Task objective. Each line from the one holding "Holiday Inn Hotel" to the last line below must be restated word for word, and no picture may be included.

Source data:
● ● ● ●

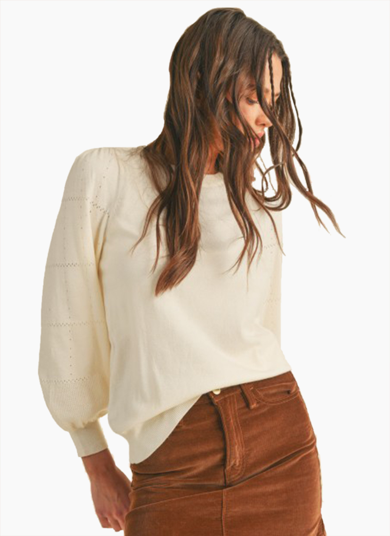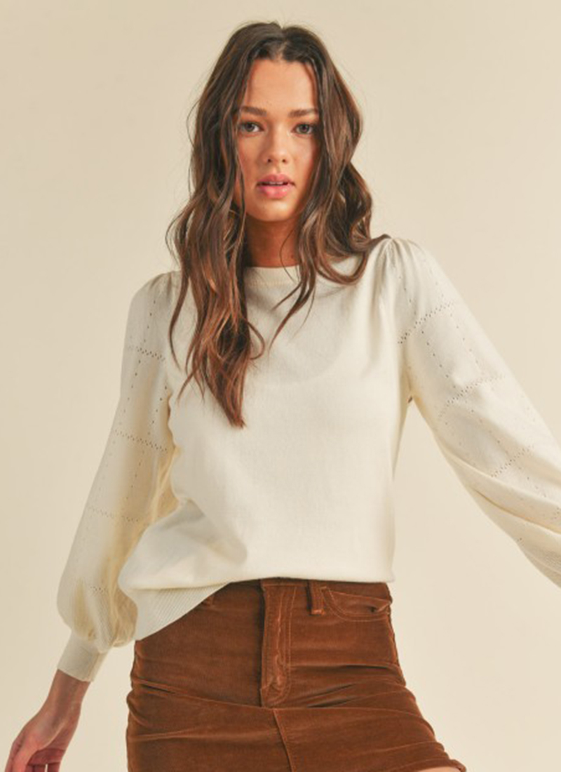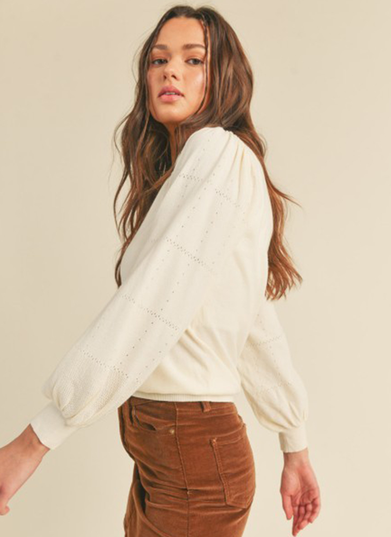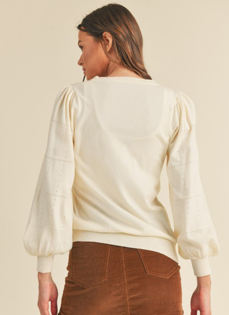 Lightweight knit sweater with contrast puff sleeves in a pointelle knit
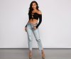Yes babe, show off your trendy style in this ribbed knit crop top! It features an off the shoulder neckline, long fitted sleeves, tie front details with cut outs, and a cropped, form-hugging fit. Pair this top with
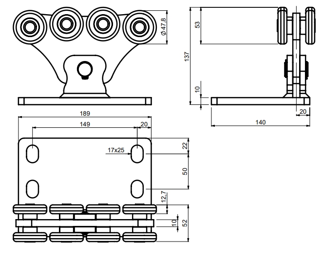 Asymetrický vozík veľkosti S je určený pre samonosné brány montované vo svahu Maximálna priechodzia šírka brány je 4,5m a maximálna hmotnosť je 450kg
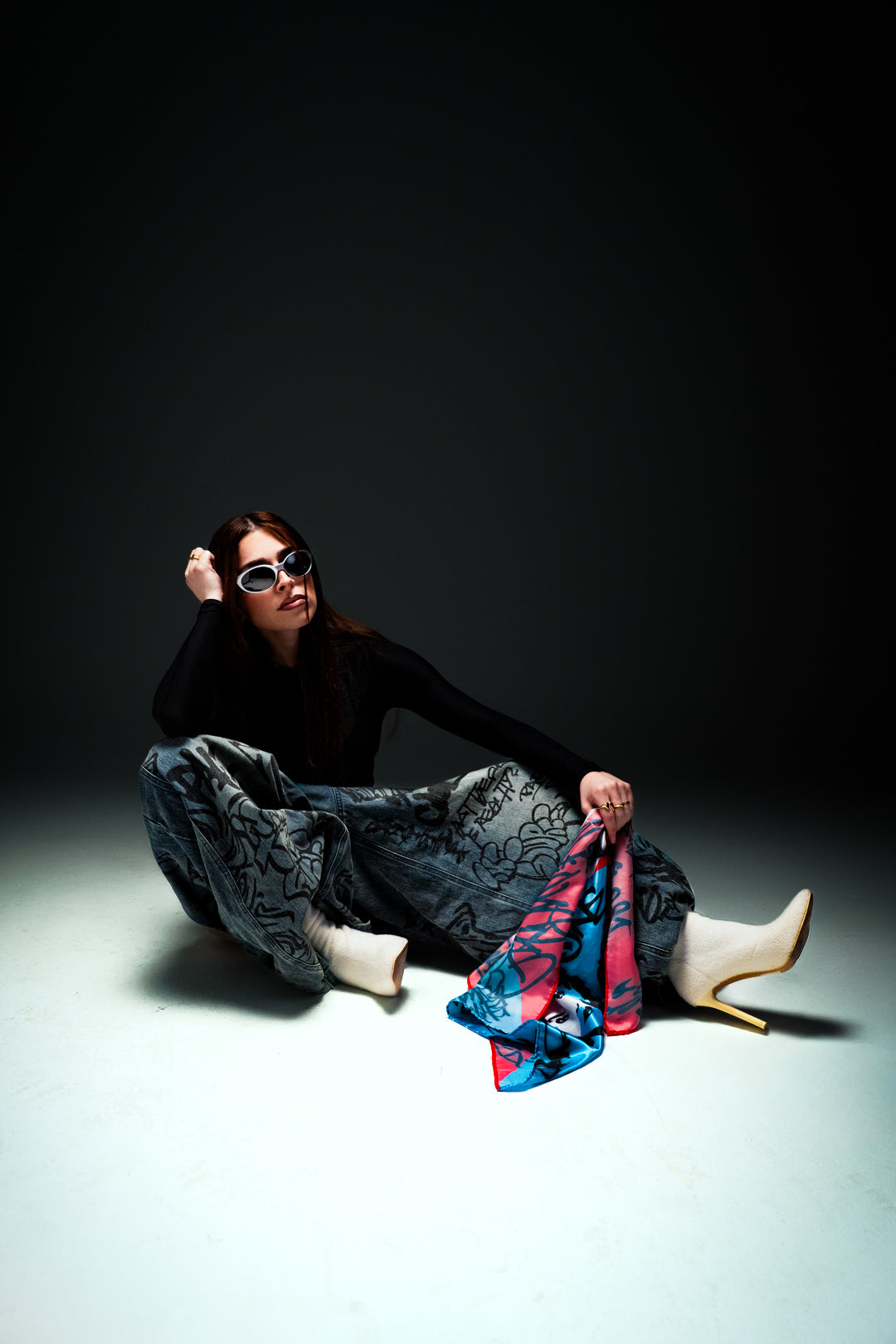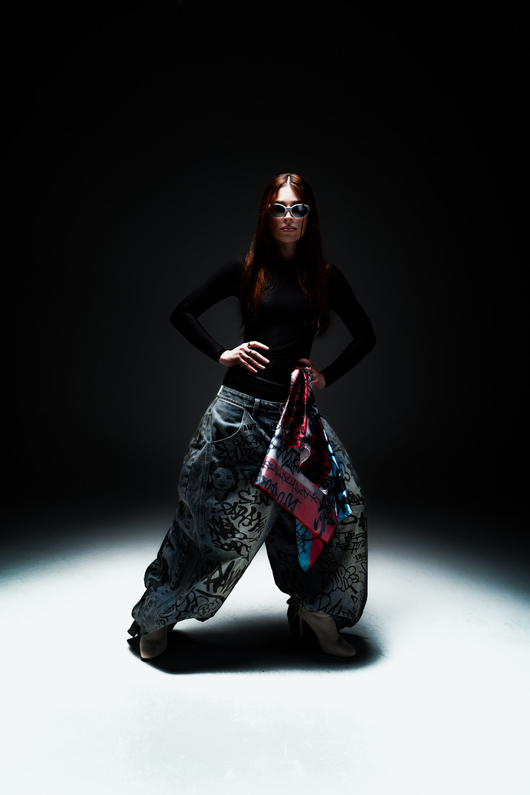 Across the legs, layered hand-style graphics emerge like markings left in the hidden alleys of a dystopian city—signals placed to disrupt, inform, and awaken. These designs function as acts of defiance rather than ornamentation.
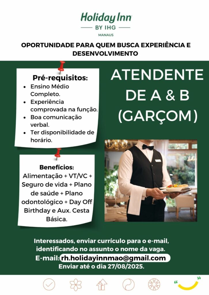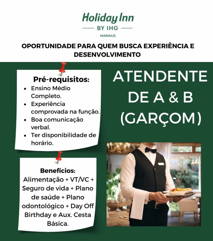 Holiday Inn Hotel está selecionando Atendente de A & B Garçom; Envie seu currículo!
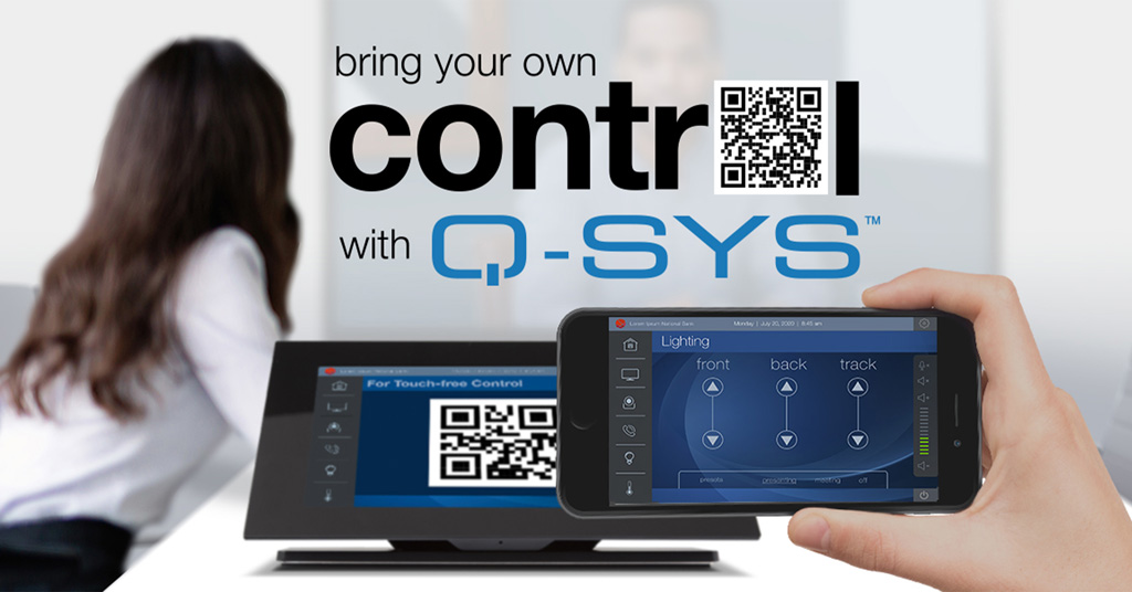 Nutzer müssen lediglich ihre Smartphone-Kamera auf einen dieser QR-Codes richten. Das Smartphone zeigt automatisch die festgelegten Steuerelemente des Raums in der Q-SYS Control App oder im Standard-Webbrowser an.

● ● ● ●

Exercise result.
 Holiday Inn Hotel está selecionando Atendente de A & B Garçom; Envie seu currículo!
 Nutzer müssen lediglich ihre Smartphone-Kamera auf einen dieser QR-Codes richten. Das Smartphone zeigt automatisch die festgelegten Steuerelemente des Raums in der Q-SYS Control App oder im Standard-Webbrowser an.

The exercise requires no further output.